WORK INSTRUCTIONS » The task calls for the lines below from the line with "Trendy blue jean" to the line with "夏の新型ins風油絵花キャンバスバッグアンドロメダカジュアルバッグ", both ends included, copied exactly, without any pictures.

RECORDS FOR THE EXERCISE »
Content starts
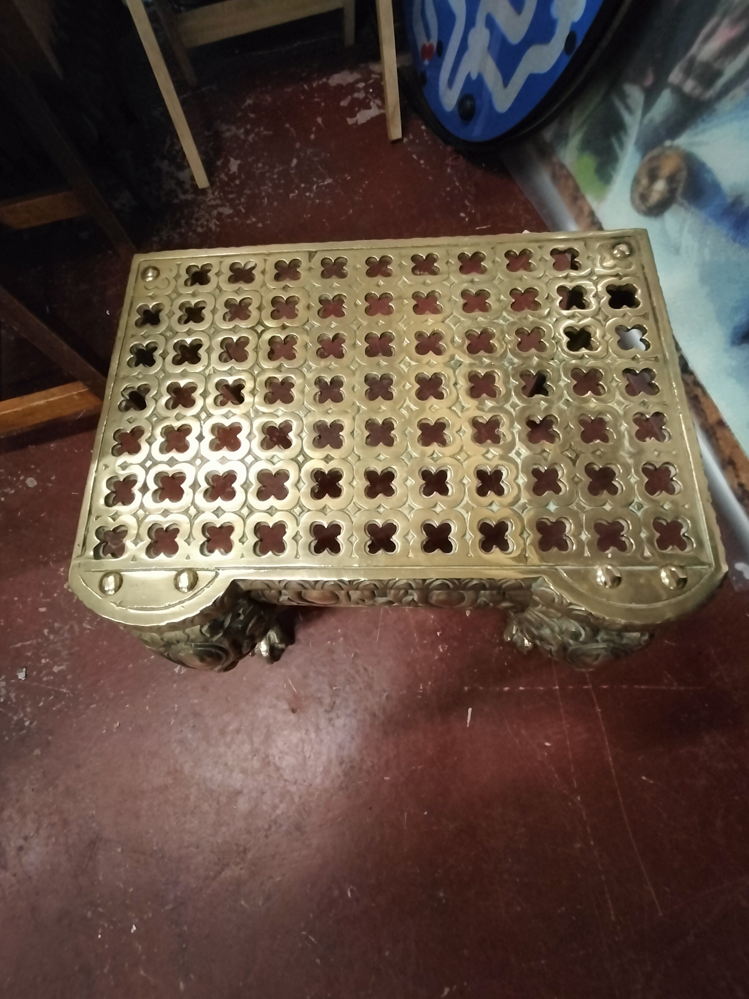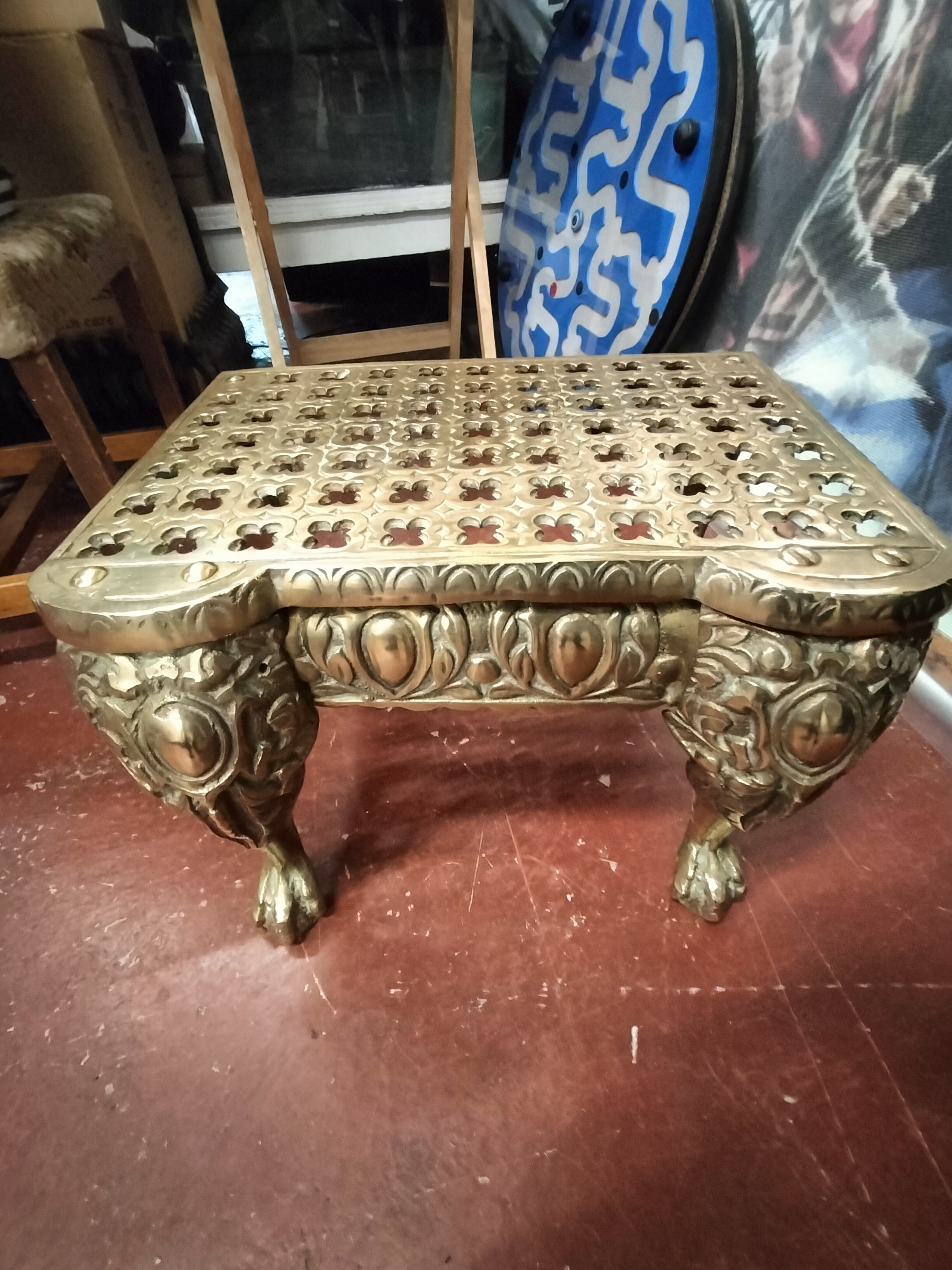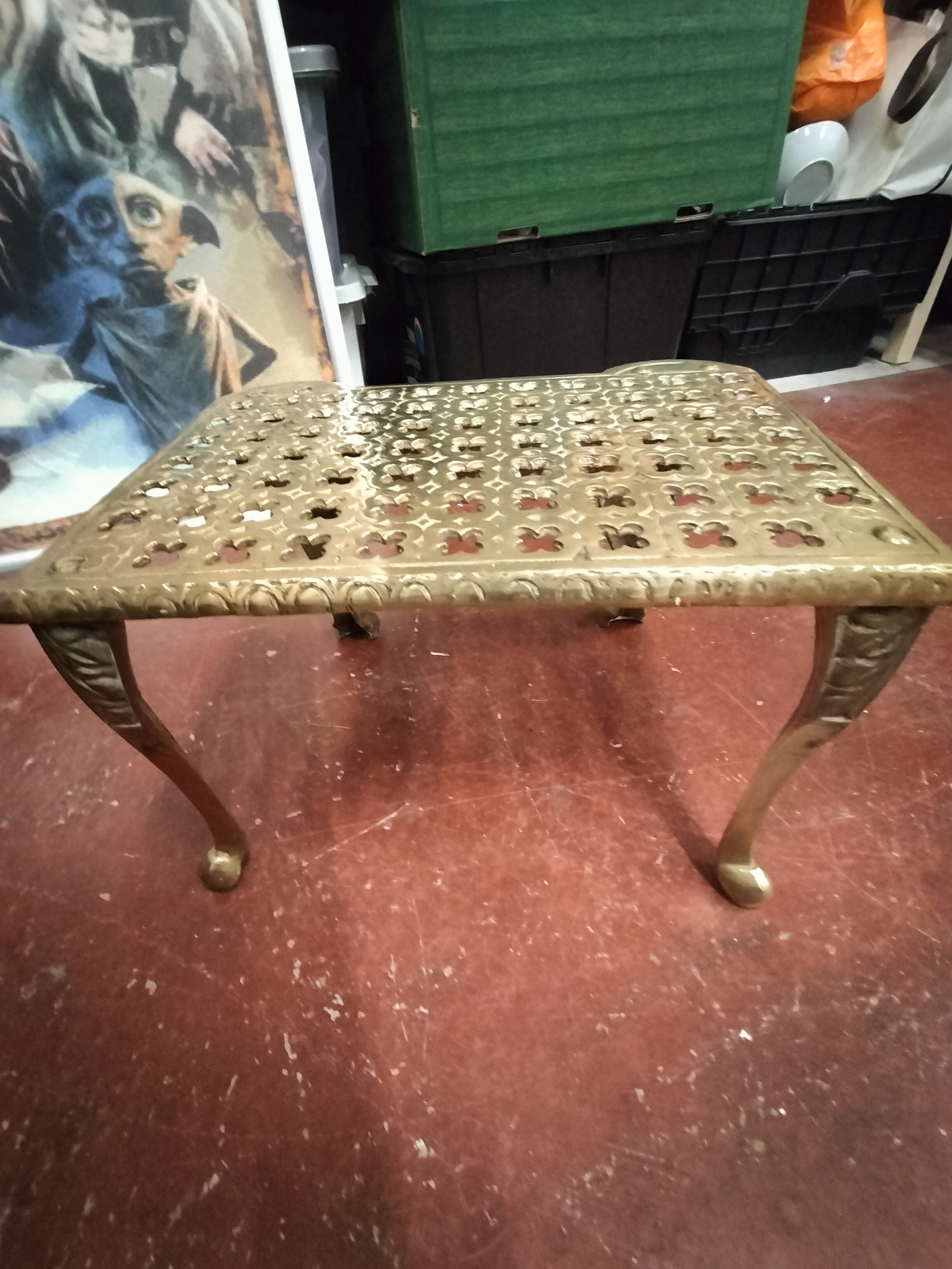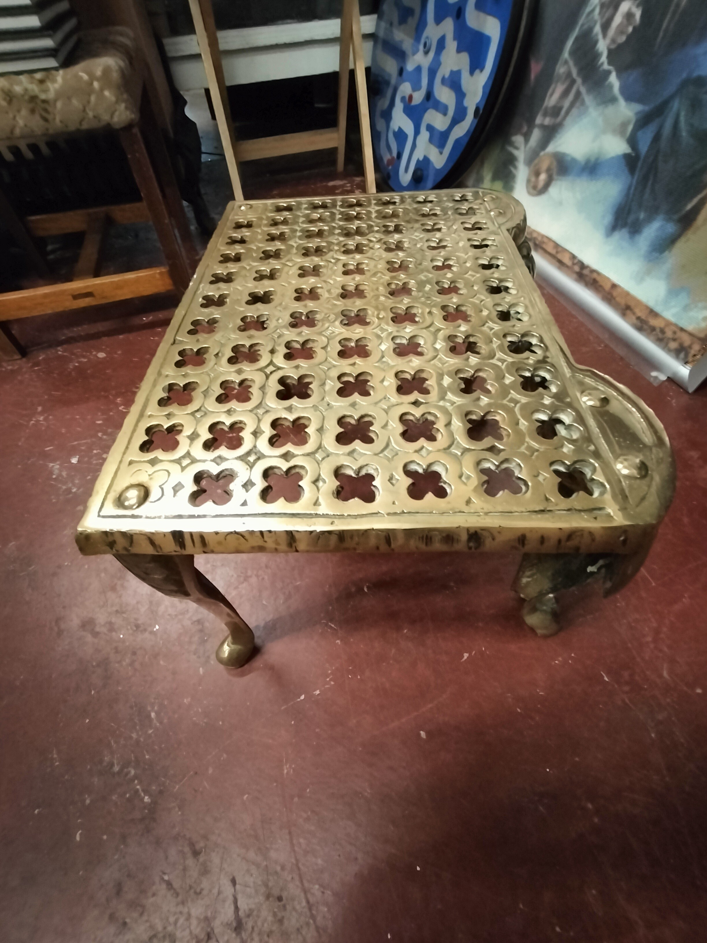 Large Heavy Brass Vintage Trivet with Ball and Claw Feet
Content ends
Content starts
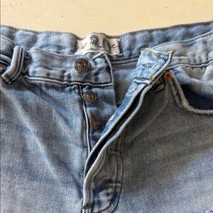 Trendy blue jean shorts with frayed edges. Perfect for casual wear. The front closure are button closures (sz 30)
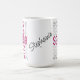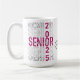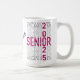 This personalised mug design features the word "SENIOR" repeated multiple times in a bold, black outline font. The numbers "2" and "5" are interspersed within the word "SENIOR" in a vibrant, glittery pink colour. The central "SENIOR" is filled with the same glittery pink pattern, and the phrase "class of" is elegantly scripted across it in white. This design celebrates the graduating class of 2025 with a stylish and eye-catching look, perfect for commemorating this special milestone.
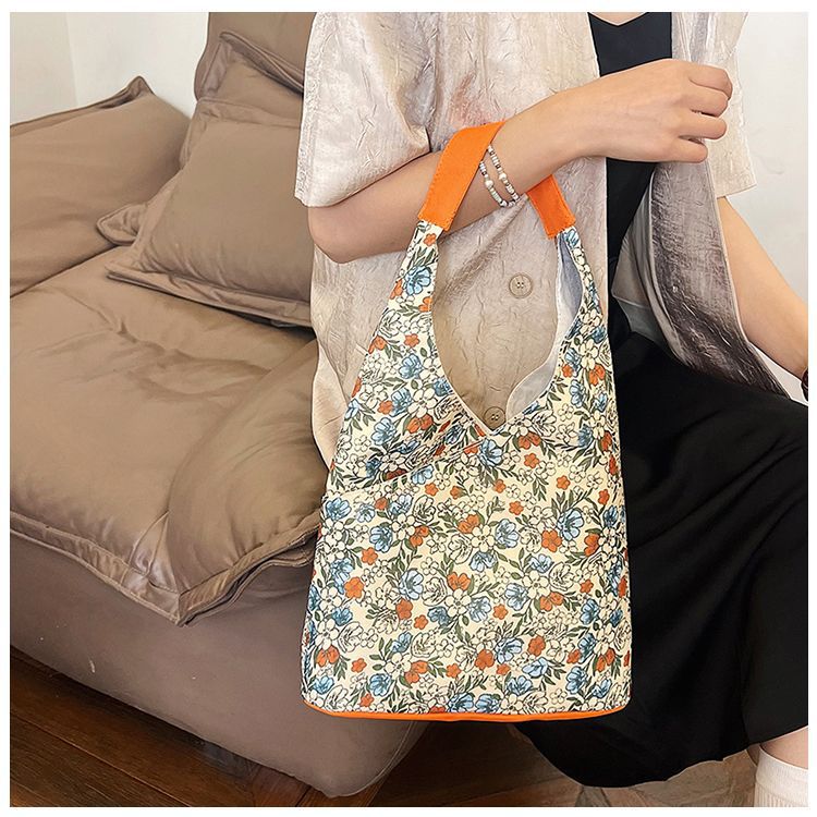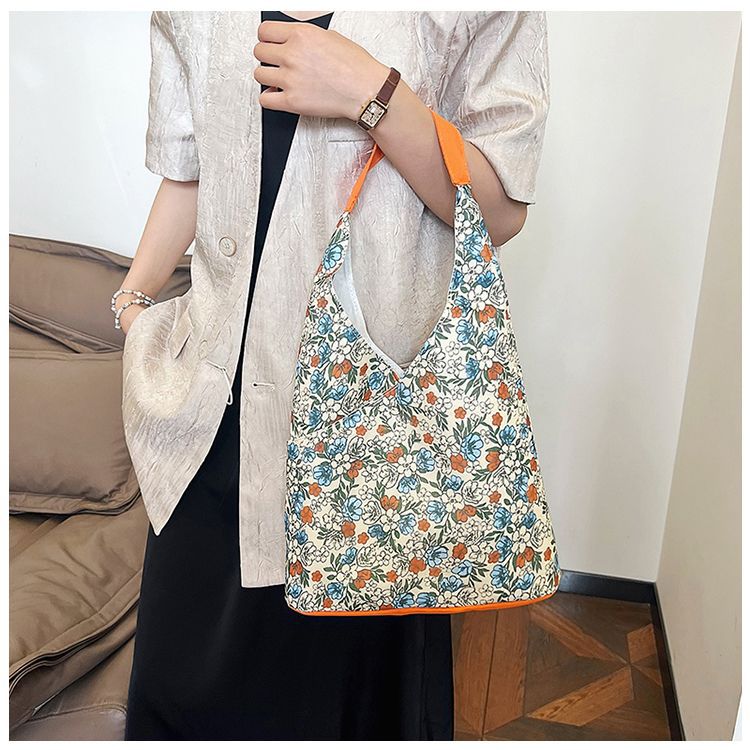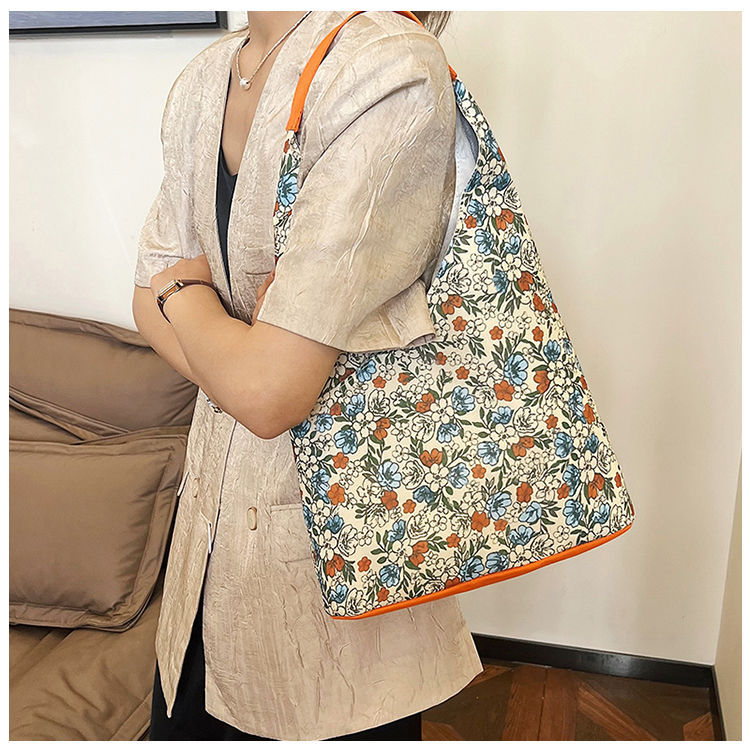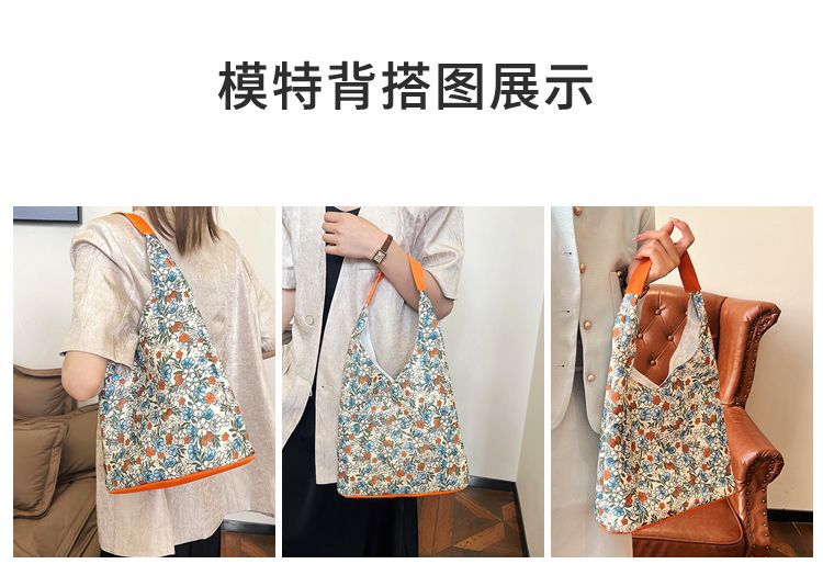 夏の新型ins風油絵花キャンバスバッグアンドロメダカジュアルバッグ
Content ends
EXPECTED ANSWER »
 Trendy blue jean shorts with frayed edges. Perfect for casual wear. The front closure are button closures (sz 30)
 This personalised mug design features the word "SENIOR" repeated multiple times in a bold, black outline font. The numbers "2" and "5" are interspersed within the word "SENIOR" in a vibrant, glittery pink colour. The central "SENIOR" is filled with the same glittery pink pattern, and the phrase "class of" is elegantly scripted across it in white. This design celebrates the graduating class of 2025 with a stylish and eye-catching look, perfect for commemorating this special milestone.
 夏の新型ins風油絵花キャンバスバッグアンドロメダカジュアルバッグ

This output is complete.